Warta kebangkitan Yesus itu diterima oleh perempuan Maria Magdalena dan Maria lainnya dari malaikat Tuhan. Keduanya mendapatkan kesempatan istimewa menjadi orang pertama yang mengetahui bahwa Yesus telah bangkit, bukan dari manusia, melainkan dari malaikat Tuhan dan Yesus sendiri. "Salam bagimu. Jangan takut. Pergi dan katakanlah kepada saudara-saudara-Ku supaya mereka pergi ke Galilea dan di sanalah mereka akan melihat Aku," (Matius 28:9-10). Yesus mempertegas penyampaian malaikat Tuhan kepada kedua perempuan itu bahwa diri-Nya telah bangkit!
Yesus sudah bangkit! Puncak perayaan Paskah adalah kebangkitan Tuhan Yesus Kristus, penebus dunia. Kebangkitan Yesus menjadi nyata bahwa dosa dan maut tidak berkuasa atas hidup manusia. Relasi manusia dan Allah telah pulih. Manusia kembali hidup selaras dengan Allah.
Kebangkitan Yesus sekaligus meninggalkan makam kosong. Apa arti makam kosong? Ia tidak berguna lagi. Ia hanya berguna tatkala digunakan untuk meletakkan jasad yang akan menjadi tanah dan debu. Makam kosong menjadi simbol keterlepasan manusia dari kedagingan, nafsu birahi ingin menguasai, egoisme dan sikap individualistik. Manusia seyogianya meninggalkan perilaku korupsi, pencuri, iri hati, dendam dan lain sejenisnya yang merenggut martabatnya  yang luhur di hadapan Allah.

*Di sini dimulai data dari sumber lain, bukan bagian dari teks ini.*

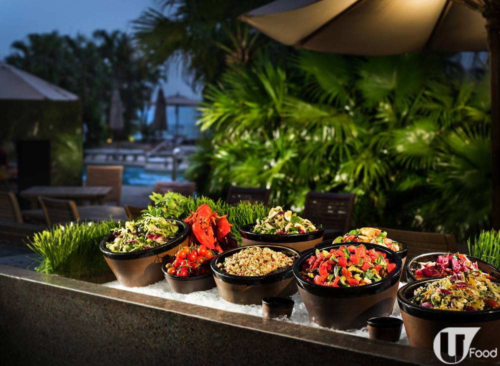 新界朋友揮手區!要數池畔 BBQ,第一時間想起沙田凱悅酒店。酒店之前推出過燒烤晚餐,反應非常熱烈!最近燒烤 buffet 回歸,亮點係大塊嘅肉眼扒,即烤即食,外面很香,內裏很多汁。不嗜牛也有好選擇,好似迷迭香焗豬腩肉,聽落好邪惡,食落卻爽口不滲油,香草幽香從肉香脂香中透出,好吸引。

Perayaan Paskah, Minggu, 12 April 2020 memiliki catatan tersendiri. Gedung gereja kosong! Sejak hari Minggu Palma, 5 April 2020 tidak ada perayaan Ekaristi di gereja. Kondisi ini terjadi lantaran virus corona (Covid-19) yang sedang mengaung mencari mangsa di muka bumi ini. Virus ini telah menginfeksi jutaan orang dan ratusan ribu lainnya meningga dunia.

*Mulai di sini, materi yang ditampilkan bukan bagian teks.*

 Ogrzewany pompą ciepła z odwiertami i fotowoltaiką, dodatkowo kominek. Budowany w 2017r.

Kita mengalami bahwa seketika gedung gereja kosong. Keramaian peribadatan pada pekan suci, secara khusus Trihari Suci, Jumat Agung, Sabtu Suci dan Minggu Paskah menjadi sepi. Umat beribah di rumah masing-masing atau mengikuti ibadah on line, atau melalui radio dan televisi. Suasana perayaan Paskah tidak semarak seperti tahun-tahun sebelumnya. Tidak ada gegap gempita di bangku koor gereja. Sunyi dan sepi mewarnai kehidupan pengikut Tuhan Yesus sejagat.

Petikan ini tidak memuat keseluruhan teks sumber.